1つ目は、既存のCCPA規制が更新されました。消費者が自身の権利であるアクセス権▽訂正要求▽利用と開示の制限要求—を従来よりも行使しやすくする改正がなされました。消費者がCCPAの権利を行使した際、事業者が報復措置を取ることを禁止する規定も明確化されました。
2つ目は、一定の条件を満たす企業に対して、リスク評価(RA)を義務付けます。具体的には、個人情報の販売または共有、機密性の高い個人情報(センシティブ・パーソナル・インフォメーション)の処理、自動意思決定技術(ADMT:Automated decision making Technology)の利用に当てはまる場合、対象となります。
3つ目は、重大なリスクをもたらす特定企業に対する、年次のサイバーセキュリティ監査の義務化です。具体的には、年間収益が一定額以上であり、かつ、25万以上の消費者または世帯の個人情報を処理している、あるいは5万以上の消費者の機密性の高い個人情報を処理している企業などが対象となります。

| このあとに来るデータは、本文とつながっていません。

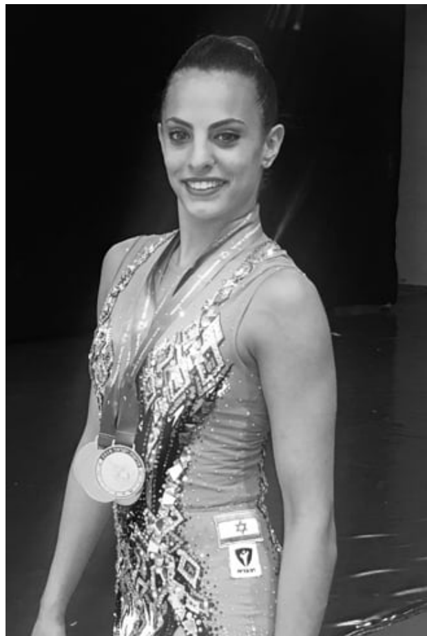
Linoy Ashram, Israeli gold medal winner in Rhythmic Gymnastics, 2020 Olympic Games.

In the 1932 Olympics in Los Angeles, Denmark's Greco-Roman wrestling champion Abraham Kurland, a member of the HaKoah Jewish Sports fraternity, won a silver medal that garnered scant attention, but all those professionals in his sport confidently predicted that he was the heavy odds-on favorite and would easily win gold in the 1936 Olympics. Kurland did not participate, however. As a Jewish athlete, he knew full well that the 1936 games violated every ethical precept that the initiators of the Olympic Games had established and hoped for in previous years.

4つ目は、ADMTの活用に関する内容です。「人間の意思決定を実質的または完全に置き換える」高リスクな利用とみなされる場合に適用されます。企業は消費者に対しADMT使用を通知し、消費者はアクセスできるほか、オプトアウトできる権利を保障するよう、明確化しました。特に、消費者にとって「重大な決定」をADMTが担う場合に適用されます。重大な決定とは、入学や就職、住宅取得や保険、金融サービスなどに関する決定が含まれるとされています。
5つ目は保険会社がCCPAに準拠しなければならない場合を明確にしました。カリフォルニア州にはカリフォルニア州保険法(California Insurance Code)があります。今回の規制パッケージでは、同法に基づく規制の重複や混乱を避けるために、同法との境界線を示し、CCPA規制に従う範囲や条件を明確化しました。